Clearly, we have to do both - to stop the multiple harms that capitalism is causing, and build a new economy based on new values.

I now understand that capitalism is not an immutable economic system that we are stuck with forever. It is a cultural system that has been assembled over thousands of years by people who were primarily motivated by “the ceaseless accumulation of privately controlled capital” (Sven Beckert). From this perspective, a capitalist is someone who seeks the growth of their capital above all else, regardless of the cost to Nature, workers, or the communities where they invest. I’m not alone in thinking this way, that capitalism is primarily a cultural system.
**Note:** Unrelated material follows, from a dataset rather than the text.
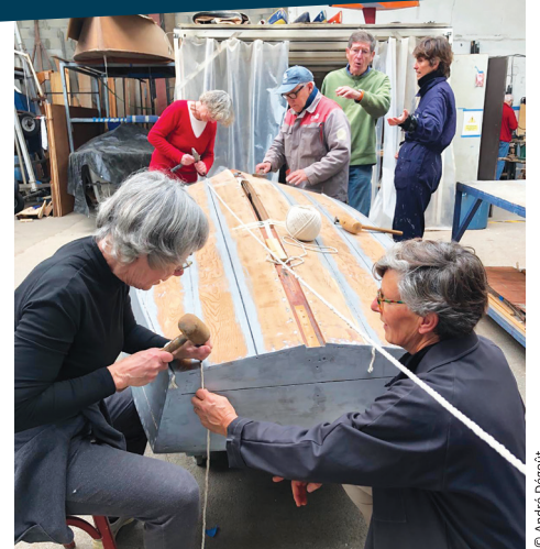
Le Bulot en restauration

Ces dériveurs ont, pour certains, remporté des médailles olympiques et bien d'autres régates. Parfois, ils naviguent dans le Vieux Port et l'avant-port pour le plaisir des badauds qui, sur les quais, les admirent tant ils ont de la classe. Les Rochelais pourront les voir de près lors des Fêtes maritimes qui se préparent pour la fin du mois dans les bassins de la ville.

I share this perspective with several other critics of capitalism, including Max Weber, Karl Polanyi, Antonio Gramsci, and David Graeber.
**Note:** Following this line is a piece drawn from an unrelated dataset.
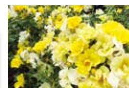
小型のつるバラとしても楽しめる、リモンチェッロ。

バラ初心者には、花付きがよく、繰り返し花を咲かせる丈夫で伸びすぎない「半つるバラ」がおすすめ。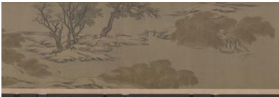
宋 佚名 雪渔图卷

意境神韵。 中国画强调意境和神韵，历代名家的画作都有一种意境美，这种对意境的表达使得中国画同时具备思想性和艺术性。

This perspective makes it much easier to imagine the end of capitalism, and to analyze how it can be done, piece by piece.

Dissatisfaction with Capitalism

Across the democratic world, dissatisfaction with capitalism is no longer marginal. The 2020 Edelman Trust Barometer found that 56% of people globally believe that “capitalism as it exists today does more harm than good.” A 2025 Gallup poll found that 61% believe the system is unfair, and that it serves primarily the wealthy and powerful. In the United States, only 54% of people view capitalism positively. Many believe that capitalism is no longer working for ordinary people.
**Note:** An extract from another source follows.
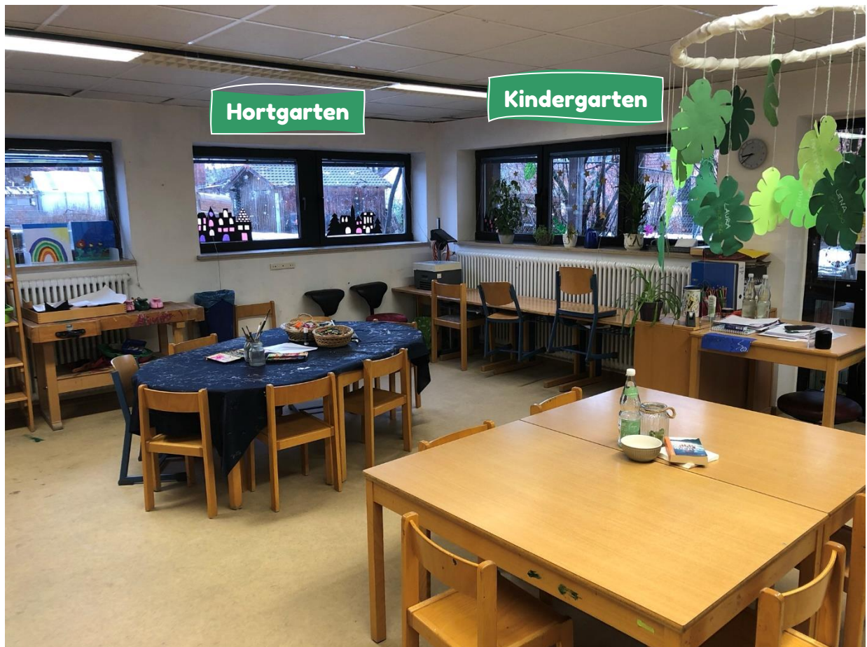
Hier seht ihr die Kreativecke mit Blick in den Garten vom Hort und Kindergarten.

It’s not the market economy that’s the problem. When it is well regulated it works really well. Its intricate dance of cooperation and competition creates innovation and jobs, while constraining prices. Socially responsible businesses, whether private, cooperative, public, or social enterprises, also work really well, providing meaning and purpose for millions.

It’s the system we call capitalism that’s the problem. Under its protective canopy people give themselves license to destroy Nature, disrupt the climate, and enrich the few at the expense of the many, causing inequality, distress and anger. If we tolerate it for much longer, it will bring climate catastrophe, ecological collapse, financial collapse due to its burden of private debt, and the collapse of democracy. For a deeper dive into the origins of capitalism, I recommend the 1,000-page Capitalism: A Global History, by Sven Beckert.

A Ten Year Transition

My analysis tells me that capitalism rests on ten pillars: eight around the edge, two in the middle, and a canopy on top to provide a cover story.

The change we need is not an overnight revolution, but a steady transition. And by ‘transition’, I’m not thinking 100 years. I’m thinking 10 years, if the majority of people in the world’s democratic nations can be inspired to support the transition, and their leaders get behind it. The longer we delay, the greater the danger that capitalists’ predatory behavior will cause climate, ecological, and financial catastrophe.

There’s no reason to fear economic collapse if we transition to a democratically-guided mixed market cooperative economy: evidence shows that it will be more successful, more fair, more stable, and more resilient than capitalism, not less. So let’s get to it: We need ten new pillars, and a new canopy.


Pillar #1: Private Property

The first pillar was built long ago, with the transition from communal land stewardship to private land ownership. In England, less than 1% of the population owns half of all the land, while 38% of the people own none. My own ancestors were thrown off their land in Scotland during the Highland clearances. In almost every country, a minority of people own the majority of the land.

The Transition

We should leave this pillar in place. It does enable capitalism, but it also enables millions of people to enjoy the security of home ownership. We need to extend it so that it includes everyone, and no longer excludes a third or more of the people in any given country. Even in Denmark, 40% of Danes don’t own a home, and have little to leave to their children. This is how inequality grows.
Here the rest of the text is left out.